O Antigo Testamento cumpriu-se em Cristo Jesus
Santo Agostinho, bispo de Hipona, séculos IV e V teve
presentes as idades que se cumpriram para a vinda de Cristo Jesus de modo que o
Antigo Testamento deu o seu cumprimento no enviado do Pai, o Messias. A
primeira idade iniciou com a criação do gênero humano e foi até Noé, pois com o
dilúvio, ele construiu a arca (3). O segundo período foi até Abraão na qual ele
foi chamado pai de todos os povos, de modo que o imitaram na fé. Ele também
estava ligado ao futuro povo de Israel, antes mesmo que os povos acolhessem a
fé cristã para que toda a terra adorasse o Deus verdadeiro e da qual Cristo, o
Redentor, viria da sua descendência segundo a carne (4). Para Santo Agostinho
estas duas etapas são percebidas com toda a clareza já nos livros do Antigo
Testamento. O Evangelho de Mateus (cf. Mt 1,17) afirmou a descendência corpórea
do Senhor Jesus Cristo na realidade humana afirmada no Antigo Testamento (cf.
Is 7,14) (5).
Jesus Cristo revelou o Novo Testamento
O bispo de Hipona ainda disse que Jesus Cristo revelou o
Novo Testamento da hereditariedade eterna, na qual o ser humano novamente
criado pela graça de Deus é chamado a viver uma vida nova no amor do Senhor.
Ele também mostrou que os patriarcas, os profetas, as pessoas justas no Antigo
Testamento almejavam em ver o Messias, o Salvador da humanidade (cf. Mt
13,17). Assumindo a realidade humana, como a fome, a sede, o sofrimento,
a dor, a cruz, Ele chegou à glória da ressurreição, para desta forma elevá-la até
a divina, em vista da redenção de todas as pessoas junto de Deus (6).

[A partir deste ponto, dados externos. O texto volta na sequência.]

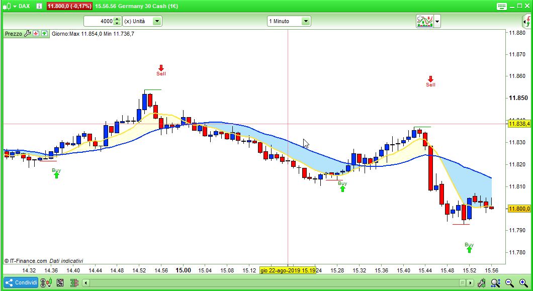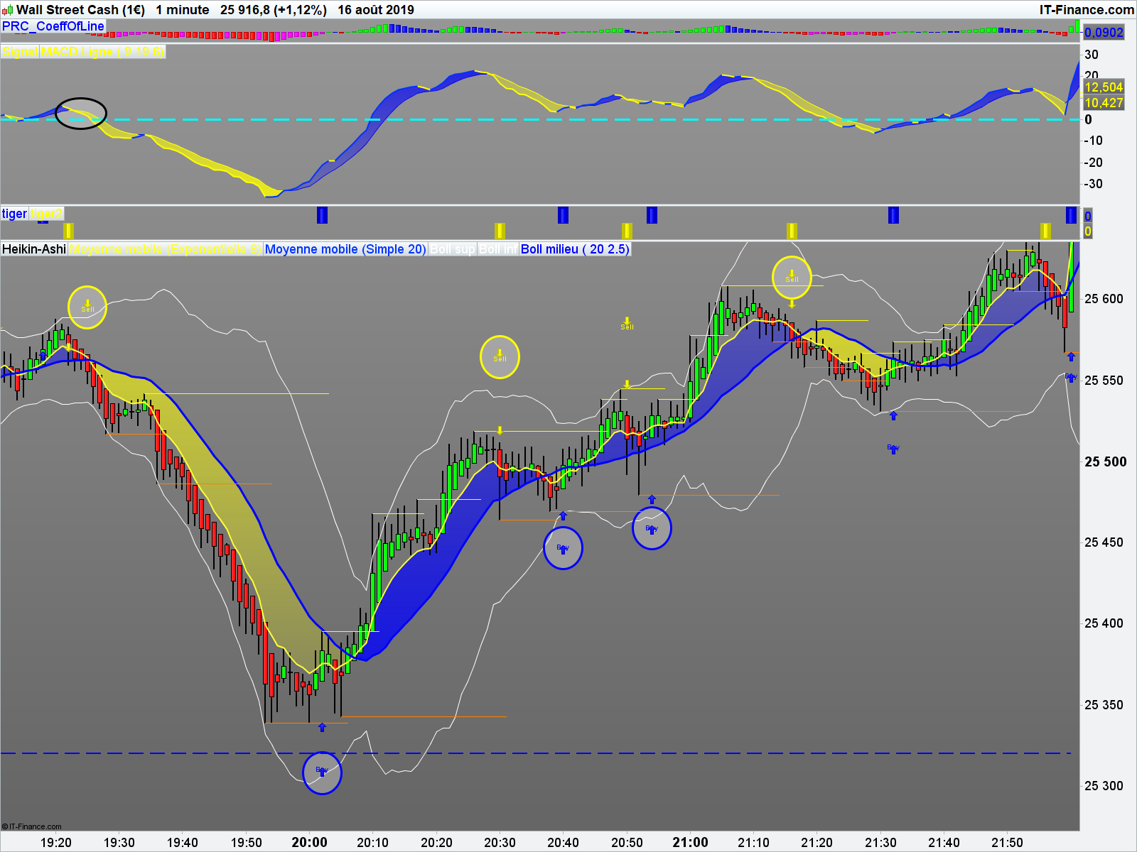 sur le dow 1mn les signaux me semblent corrects, qu en pensez vous? filtrer les long si cours >m20 peut etre. et inversement. c’est pourquoi j aimerai savoir si en fonction des filtres validés , la grosseur de la flèche BUY peut varier.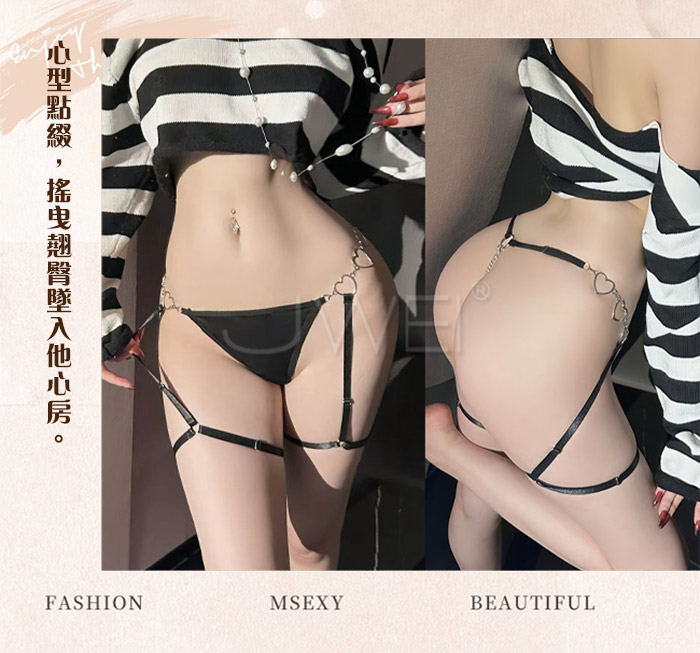 首頁>極夜誘惑.愛心鏈條綴腰吊帶低腰丁字褲【黑網愛心】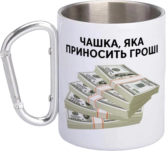 Кружка металева з карабіном Чашка яка приносить гроші 300 мл Біла
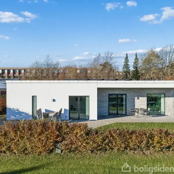 På denne adresse venter et hjem, hvor moderne arkitektur og gennemførte detaljer går op i en højere enhed. Boligen står med et flot og nutidigt udtryk, hvor de kombinerede facadesten og pudsede Fermacell-plader skaber et elegant spil – perfekt fuldendt af de hvide træ/plast-vinduer, der giver huset et let og eksklusivt look. Indenfor udfolder de 128 m² sig med en gennemtænkt planløsning, der passer både til familien, seniorparret eller jer, der ønsker en fleksibel bolig uden spildplads. Entréen

Jesus Cristo é a salvação das pessoas justas do Antigo
Testamento
São Gregório de Nazianzo, bispo de Constantinopla, século IV
disse que no Antigo Testamento, muitas pessoas justas, profetas sofreram
perseguições, foram mártires ou mesmo viveram bem a lei do Senhor Deus
acreditando na promessa divina da salvação, como dom em unidade com Cristo
Jesus. O caso dos Macabeus (cf. 2 Mc 7) que sofreram o martírio, passaram a
paixão de Cristo, não a teriam assumido se não fosse pela morte de Cristo por
toda a humanidade. Eles imitaram o Senhor, mesmo não o conhecendo antes. Desta
forma nenhum deles teriam alcançado a perfeição, sem a fé e a caridade em
Cristo Jesus. O Logos, Jesus Cristo foi anunciado de uma forma posterior, mas
também isso antes ocorreu pelas almas das pessoas justas. Se eles não
conheceram a cruz de Cristo, no entanto viveram conformidade à cruz do Senhor e
na unidade da sua ressurreição (7).
O Antigo Testamento em função do Novo Testamento
São João Crisóstomo, bispo de Constantinopla, séculos IV e V
afirmou que o Antigo Testamento fosse lido em função do Novo Testamento. Para o
bispo é fundamental a palavra de São Paulo que diz que “Quando virá o que é
perfeito, será abolido aquilo que é imperfeito” (1 Cor 13,10). Isto valeu pelo
Antigo Testamento por causa do Novo Testamento, não que ele fosse imperfeito,
mas a antiga aliança apontou para a nova aliança. Desta forma, o Senhor exige
de seu novo povo frutos e dons maiores que o povo da antiga aliança, por causa
da vinda do Messias, do Salvador. Deus, em Jesus Cristo não prometeu mais ao
ser humano uma terra onde fluía leite e mel, nem uma longa idade, abundância de
pão e de vinho, mas acompanhadas por obras de caridade, o Senhor promete ao ser
humano o céu, o paraíso, os bens celestes, a dignidade de ser filhos e filhas
adotivos no Pai, irmãos e irmãs no Filho Unigênito, iluminados pelo Espírito
Santo, participantes da sua gloria e do seu Reino (8).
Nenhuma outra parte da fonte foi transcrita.